Pengalaman Bersama Timnas Indonesia Membentuk Karakter Maarten Paes
Maarten Paes, penjaga gawang yang kini memperkuat Ajax, mengakui bahwa keputusannya untuk membela Timnas Indonesia memiliki dampak besar terhadap perkembangan karirnya. Tidak hanya meningkatkan kemampuan teknis di lapangan, pengalaman tersebut juga memberinya perubahan signifikan dalam hal mentalitas dan kedewasaan bermain.
Dalam wawancara yang dilakukan, Paes menjelaskan bagaimana tantangan yang ia hadapi bersama Timnas Indonesia berbeda dibandingkan kompetisi klub. Jadwal yang padat serta tekanan besar justru menjadi pelajaran berharga baginya. Ia merasa lebih tenang dan matang dalam menghadapi situasi sulit.
”Saya rasa saya sudah siap secara pribadi. Saya menjadi jauh lebih tenang. Pengalaman di Timnas Indonesia juga melibatkan banyak perjalanan,” ujar Maarten Paes.

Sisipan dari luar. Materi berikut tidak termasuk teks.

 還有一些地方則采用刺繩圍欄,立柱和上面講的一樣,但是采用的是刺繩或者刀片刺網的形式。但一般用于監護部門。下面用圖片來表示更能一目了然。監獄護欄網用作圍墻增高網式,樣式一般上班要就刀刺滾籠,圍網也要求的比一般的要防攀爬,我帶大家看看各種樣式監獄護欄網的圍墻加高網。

Perjalanan Berat dan Tekanan Besar
Paes menggambarkan betapa beratnya agenda internasional yang harus ia jalani. Perjalanan udara hingga 24 jam, lalu hanya memiliki waktu singkat untuk beradaptasi sebelum kembali bertanding, menjadi rutinitas yang harus dihadapi. Belum lagi perbedaan waktu hingga 12 jam yang memengaruhi kondisi fisik dan fokusnya.
”Penerbangan 24 jam dan dua hari kemudian bermain, lalu dua hari kemudian bermain lagi dan kemudian penerbangan 24 jam lagi,” ucap Maarten Paes.

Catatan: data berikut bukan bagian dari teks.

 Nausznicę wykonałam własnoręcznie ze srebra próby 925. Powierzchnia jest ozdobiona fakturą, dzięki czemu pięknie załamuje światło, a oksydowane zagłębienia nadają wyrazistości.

Pelajaran Berharga dari Tekanan Publik
Namun, tantangan tersebut justru menjadi pelajaran berharga. Paes menyebut tekanan besar dari jutaan pasang mata yang menyaksikan laga Timnas Indonesia turut membentuk mentalnya. Dia merasa tuntutan tinggi dari publik membuatnya belajar mengendalikan emosi dan tetap fokus pada performa.
”Ada tekanan luar biasa dengan 300 juta orang yang menonton. Anda belajar banyak dari pengalaman seperti itu,” kata Maarten Paes.
Kemampuan Melihat Situasi Secara Rasional
Menurut Paes, perubahan terbesar yang dirasakan adalah kemampuan melihat situasi secara lebih rasional. Jika sebelumnya cenderung larut secara emosional, kini dia lebih tenang dalam mengambil keputusan di lapangan.
”Pelajaran terbesar adalah saya harus tetap jujur pada diri sendiri sebisa mungkin. Dulu saya lebih terlibat secara emosional, tetapi sekarang saya dapat melihat semuanya lebih rasional,” jelas Maarten Paes.
Pentingnya Menjadi Diri Sendiri
Dia pun menekankan pentingnya menjadi diri sendiri sebagai kunci performa terbaik. Bermain secara intuitif, menurutnya, membuat seorang pemain tampil lebih lepas dan percaya diri.
Pengalaman yang Membentuk Kematangan
Pengalaman bersama Timnas Indonesia tak hanya memperkaya perjalanan karir Maarten Paes, tetapi juga membentuknya menjadi sosok yang lebih matang menghadapi tekanan. Di usia yang masih produktif, Paes menunjukkan bahwa tantangan besar bisa menjadi batu loncatan untuk berkembang lebih jauh.